A dog with a sad start gets a happy ending; from Best Friends Animal Society:

http://www.youtube.com/watch?feature=player_embedded&v=bF4Qg-2HeO0

Paladin is safe and sound at Best Friends...in a loving environment where he has lots of friends helping him heal. It's the complete opposite from where he was.

His previous person locked him in a cage and shot at him, inflicting multiple, serious wounds. By the time he arrived at Best Friends, his physical wounds had healed. But the ones below the surface kept him from finding a new home.​ 
_About Best Friends:_ Best Friends Animal Society is a nonprofit organization building no-kill programs and partnerships that will bring about a day when there are No More Homeless Pets®. At the core of Best Friends' work is the dream that one day kindness will replace cruelty and animals will no longer be destroyed because they are unwanted or imperfect. Spaying and neutering will be the rule for all pets and adoption will be the first option for everyone. Making this dream a reality is the mission we call No More Homeless Pets. The society's leading initiatives in animal care and community programs are coordinated from its Kanab, Utah, headquarters, the country's largest no-kill sanctuary. This work is made possible by the personal and financial support of a grassroots network of supporters and community partners across the nation. For more information, visit 

http://www.bestfriends.org.​


----------



## jakes mom (Feb 29, 2012)

Ingrid

What a beautiful dog, and a lovely result brought about by lovely, caring people. 

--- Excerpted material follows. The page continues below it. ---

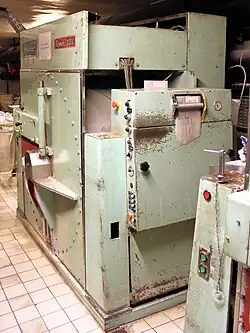 The first English patent under the category of washing machines was issued in 1691.[2] A drawing of an early washing machine appeared in the January 1752 issue of The Gentleman's Magazine, a British publication.[3] Jacob Christian Schäffer's washing machine design was published in 1767[3] in Germany.[4] In 1782, Henry Sidgier was issued a British patent for a rotating drum washer, and in the 1790s, Edward Beetham sold numerous "patent washing mills" in England.[1]

It's quite incredible that dogs ever trust people when they have been so badly abused.

Bless him, and all the volunteers who rehabilitated him and many others no doubt.

Sue


----------



## Daisy&Lucky's Mom (Apr 24, 2011)

Great story,great dog and Thank god for rescue groups including Best Friends


----------



## ken k (Apr 3, 2006)

excellent story, happy ending, I could live to 100 years old and never understand how people could abuse an animal


----------



## Falkosmom (Jul 27, 2011)

Poor puppy! Great ending!


----------